DATA TO EXAMINE:
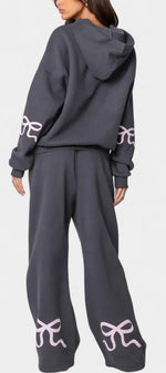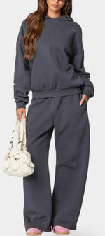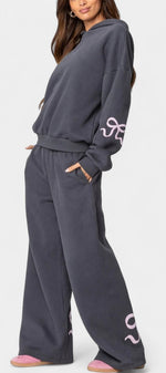 Moderne et polyvalent, l'ensemble Caleta redéfinit le confort avec un design décontracté qui ne sacrifie pas le style. Confectionné dans un tissu doux et accueillant, il combine une capuche, un nœud décoratif et des pantalons à coupe fluide pour un look à la fois décontracté et sophistiqué.
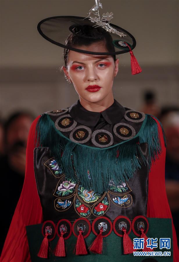 5月8日,一名模特在英國倫敦走秀。 由浙江省文化和旅游廳舉辦的浙江傳統(tǒng)工藝創(chuàng)新展8日在倫敦開幕。為期4天的展覽是第五屆倫敦手工藝周的重要活動(dòng)之一。 新華社記者 韓巖 攝
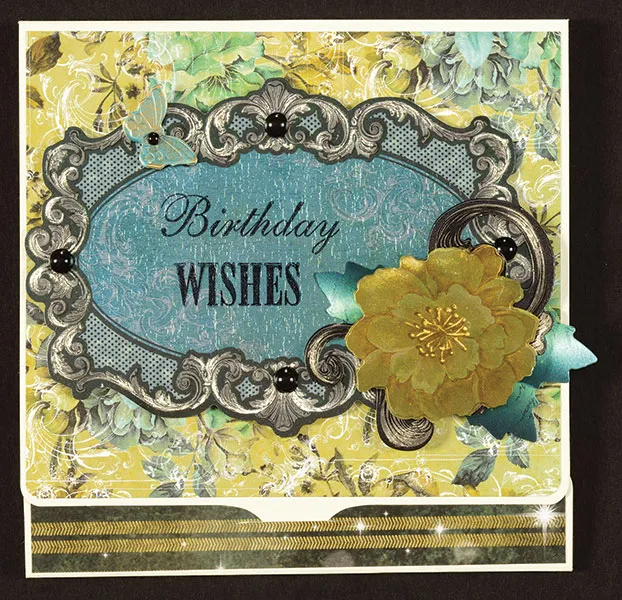 Punch out the label paper tole die-cuts and stamp “birthday wishes” on piece # Assemble the die-cuts following the package directions, placing foam tape between the layers. Foam tape the design centered on the upper front flap.
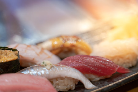 Various types of nigiri sushi in a cozy japanese sushi shop, food photography at evening
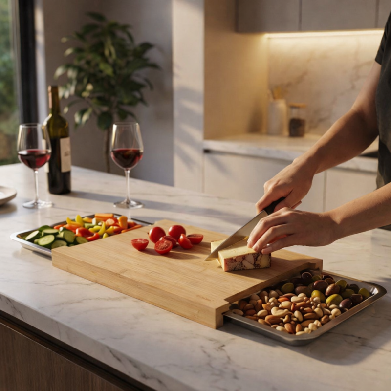 Tocator din Bambus cu 2 Containere Glisante din Inox
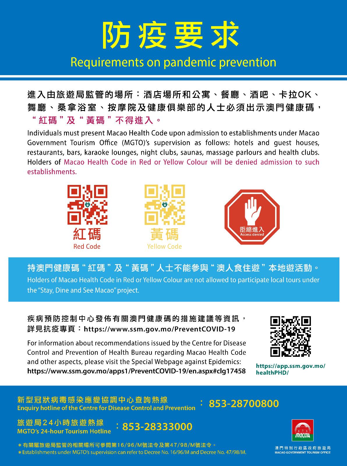 如有需要可致電新型冠狀病毒感染應變協調中心查詢熱線853-28700800;旅遊局24小時旅遊熱線853-28333000。屬旅遊局監管的場所可參閱第16/96/M號法令及第47/98/M號法令。
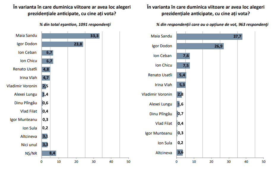 Большинство респондентов заявили, что проголосуют за кандидатуру Майи Санду — более 33 процентов, тогда как бывший президент Игорь Додон не наберет более 24 процентов.
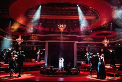 이머시브에 대해 이야기할 듯하더니 무대 생김새에 대해 왜 이렇게 길게 이야기했냐면, 이 무대가 ‘이머시브’를 위해 제작사에서 얼마나 노력했는지 잘 보여주기 때문이다. 다만, 노력이 매번 훌륭한 결과를 낳는 것은 아니다. 앞서 이야기했듯이 무대 위에는 관객석이 있다. 무대 위 관객석의 대부분은 무대 전면 관객석과 마주 보도록 배치돼 있다. 무대 위 관객들은 나처럼 마스크를 쓰고 나란히 앉아 있다. 마스크를 쓰고 자신의 앞에서 신나게 춤추는 배우를 보고 있는 관객석의 관객들이 참으로 현실적이었다고 할까. 나는 뮤지컬을 보면서 현생을 잊고 무대 위 세상에 완전히 몰입하는 경험을 좋아한다. 그런데 <그레이트 코멧>의 무대는 현생을 잊도록 도와주지 않았다. 나의 시야 안에서 배우들의 몸짓에 호응을 할 수도 없이 그저 배우를 바라보고 있는 관객들을 보는 마음이 씁쓸했다. 현생의 상황에 의해 우리 사이가 거리가 기어코 좁혀질 수 없다면 그냥 멀어지 기를 택하고 완벽한 내 판타지 속 세상을 만들어주지 그랬어, 원망스러웠다.
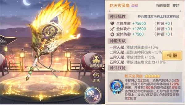 乾天玄灵扇:单伤偷怒,适合所有阵容,优先级最高的平民神器。
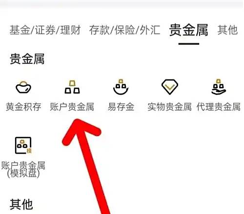 然后,在财富服务页面点击账户贵金属服务
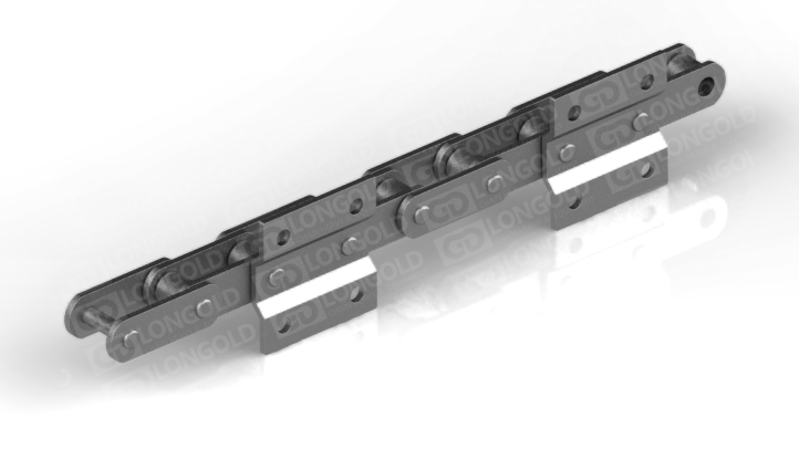 帶有 BGA4 附件,即鏈條一側(cè)的鏈板上下各有一個折彎板,折彎板各帶兩個孔,但與SGA4附件有所不同,BGA4附件的附板形狀為梯形。
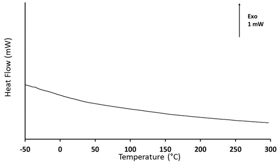 The DSC results, shown in Figure 4, lead to similar interrogations. According to the heat flow variations with temperature, there is no evidence of any transition in the temperature range covered by the analysis. The events of interest for this analysis are the PEI glass transition and its onset of decomposition. Typically, the glass transition of PEI is expected to be around −25 °C [72], while the thermal decomposition has been reported to start at about 250 °C [73]. However, the obtained DSC response is identical to the signal obtained when performing the baseline step during the calibration procedure. This observation is consistent with the results reported by Feng et al. [74] for a plasma-sprayed Ti-6Al-4V/HAp composite. In this study, no calorimetric event was recorded before 700 °C, that is, before the phase transformation of HAp. The absence of any characteristic thermal event is also consistent with TGA results. Thus, it is reasonable to assume that there is no residual PEI on the sol–gel dip coated support, due to the annealing procedure. Nevertheless, it is worth reminding that the quantity of PEI mixed with HAp is very small, as its role lies essentially in facilitating the adhesion of HAp on the support. Thus, the detection of residual traces can be particularly challenging and possibly beyond the resolution limits of both thermal analysis apparatuses.
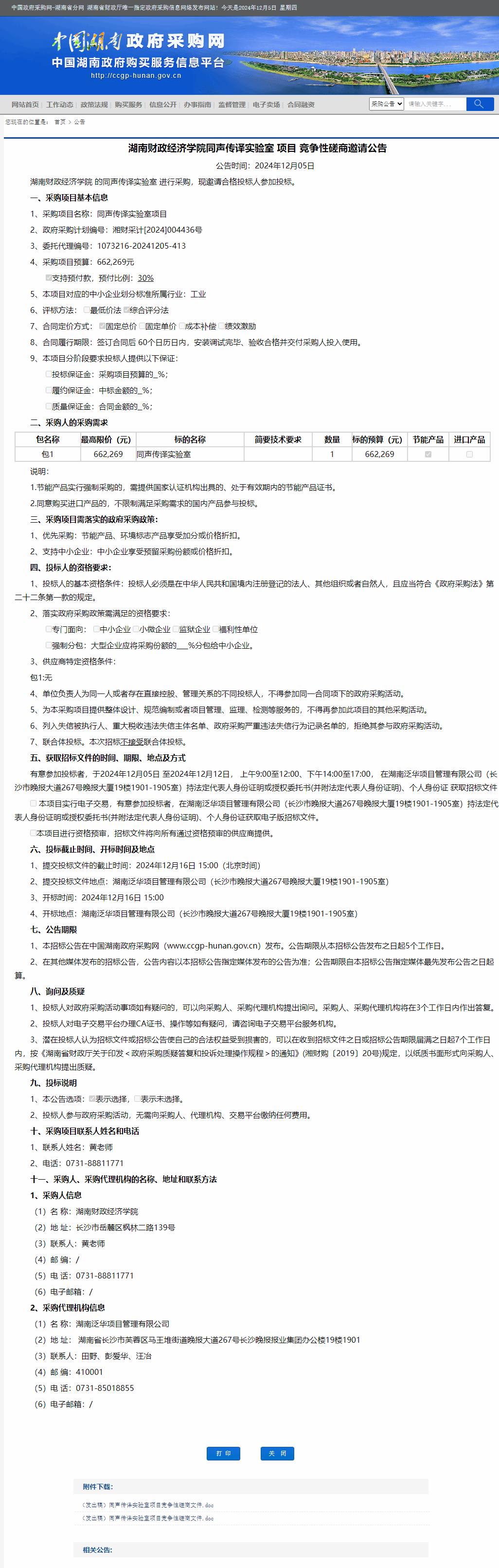 湖南省政府采购网:2026世界杯官网同声传译实验室项目竞争性磋商邀请公告
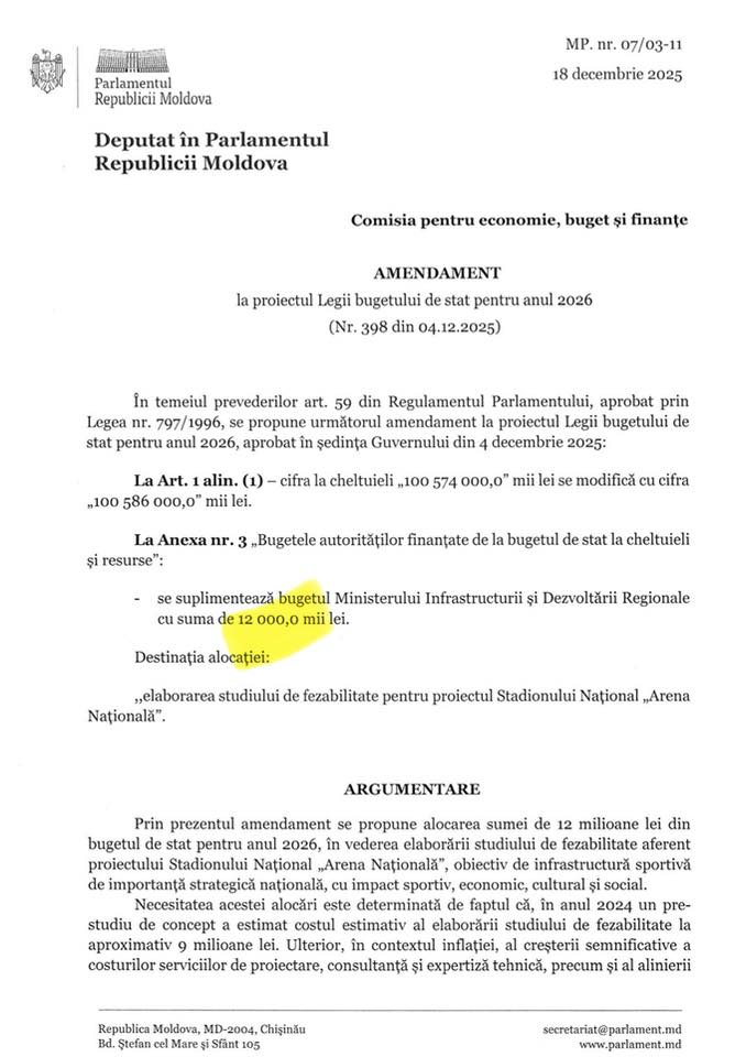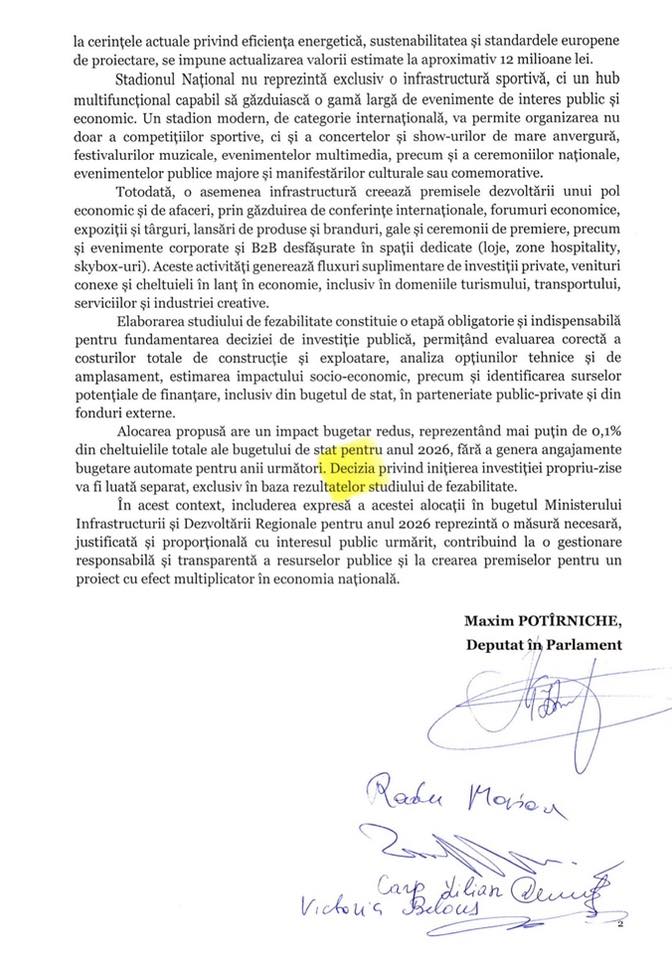 „Urmează să primim acceptul de la Ministerul Finanțelor, după care vom vota Legea bugetului în lectura a II-a. Studiul de fezabilitate este o un document, o hârtie de turnesol a unui obiectiv de infrastructură majoră, precum este Stadionul Național. El ne va arăta costul total al proiectului, capacitatea necesară de locuri pe stadion, timpii de construcție și cel mai important - metoda optimă de finanțare a acestui proiect”

YOUR INSTRUCTIONS:
Restate the records word for word and drop the images.

RESULT OF THE EXERCISE:
 Moderne et polyvalent, l'ensemble Caleta redéfinit le confort avec un design décontracté qui ne sacrifie pas le style. Confectionné dans un tissu doux et accueillant, il combine une capuche, un nœud décoratif et des pantalons à coupe fluide pour un look à la fois décontracté et sophistiqué.
 5月8日,一名模特在英國倫敦走秀。 由浙江省文化和旅游廳舉辦的浙江傳統(tǒng)工藝創(chuàng)新展8日在倫敦開幕。為期4天的展覽是第五屆倫敦手工藝周的重要活動(dòng)之一。 新華社記者 韓巖 攝
 Punch out the label paper tole die-cuts and stamp “birthday wishes” on piece # Assemble the die-cuts following the package directions, placing foam tape between the layers. Foam tape the design centered on the upper front flap.
 Various types of nigiri sushi in a cozy japanese sushi shop, food photography at evening
 Tocator din Bambus cu 2 Containere Glisante din Inox
 如有需要可致電新型冠狀病毒感染應變協調中心查詢熱線853-28700800;旅遊局24小時旅遊熱線853-28333000。屬旅遊局監管的場所可參閱第16/96/M號法令及第47/98/M號法令。
 Большинство респондентов заявили, что проголосуют за кандидатуру Майи Санду — более 33 процентов, тогда как бывший президент Игорь Додон не наберет более 24 процентов.
 이머시브에 대해 이야기할 듯하더니 무대 생김새에 대해 왜 이렇게 길게 이야기했냐면, 이 무대가 ‘이머시브’를 위해 제작사에서 얼마나 노력했는지 잘 보여주기 때문이다. 다만, 노력이 매번 훌륭한 결과를 낳는 것은 아니다. 앞서 이야기했듯이 무대 위에는 관객석이 있다. 무대 위 관객석의 대부분은 무대 전면 관객석과 마주 보도록 배치돼 있다. 무대 위 관객들은 나처럼 마스크를 쓰고 나란히 앉아 있다. 마스크를 쓰고 자신의 앞에서 신나게 춤추는 배우를 보고 있는 관객석의 관객들이 참으로 현실적이었다고 할까. 나는 뮤지컬을 보면서 현생을 잊고 무대 위 세상에 완전히 몰입하는 경험을 좋아한다. 그런데 <그레이트 코멧>의 무대는 현생을 잊도록 도와주지 않았다. 나의 시야 안에서 배우들의 몸짓에 호응을 할 수도 없이 그저 배우를 바라보고 있는 관객들을 보는 마음이 씁쓸했다. 현생의 상황에 의해 우리 사이가 거리가 기어코 좁혀질 수 없다면 그냥 멀어지 기를 택하고 완벽한 내 판타지 속 세상을 만들어주지 그랬어, 원망스러웠다.
 乾天玄灵扇:单伤偷怒,适合所有阵容,优先级最高的平民神器。
 然后,在财富服务页面点击账户贵金属服务
 帶有 BGA4 附件,即鏈條一側(cè)的鏈板上下各有一個折彎板,折彎板各帶兩個孔,但與SGA4附件有所不同,BGA4附件的附板形狀為梯形。
 The DSC results, shown in Figure 4, lead to similar interrogations. According to the heat flow variations with temperature, there is no evidence of any transition in the temperature range covered by the analysis. The events of interest for this analysis are the PEI glass transition and its onset of decomposition. Typically, the glass transition of PEI is expected to be around −25 °C [72], while the thermal decomposition has been reported to start at about 250 °C [73]. However, the obtained DSC response is identical to the signal obtained when performing the baseline step during the calibration procedure. This observation is consistent with the results reported by Feng et al. [74] for a plasma-sprayed Ti-6Al-4V/HAp composite. In this study, no calorimetric event was recorded before 700 °C, that is, before the phase transformation of HAp. The absence of any characteristic thermal event is also consistent with TGA results. Thus, it is reasonable to assume that there is no residual PEI on the sol–gel dip coated support, due to the annealing procedure. Nevertheless, it is worth reminding that the quantity of PEI mixed with HAp is very small, as its role lies essentially in facilitating the adhesion of HAp on the support. Thus, the detection of residual traces can be particularly challenging and possibly beyond the resolution limits of both thermal analysis apparatuses.
 湖南省政府采购网:2026世界杯官网同声传译实验室项目竞争性磋商邀请公告
 „Urmează să primim acceptul de la Ministerul Finanțelor, după care vom vota Legea bugetului în lectura a II-a. Studiul de fezabilitate este o un document, o hârtie de turnesol a unui obiectiv de infrastructură majoră, precum este Stadionul Național. El ne va arăta costul total al proiectului, capacitatea necesară de locuri pe stadion, timpii de construcție și cel mai important - metoda optimă de finanțare a acestui proiect”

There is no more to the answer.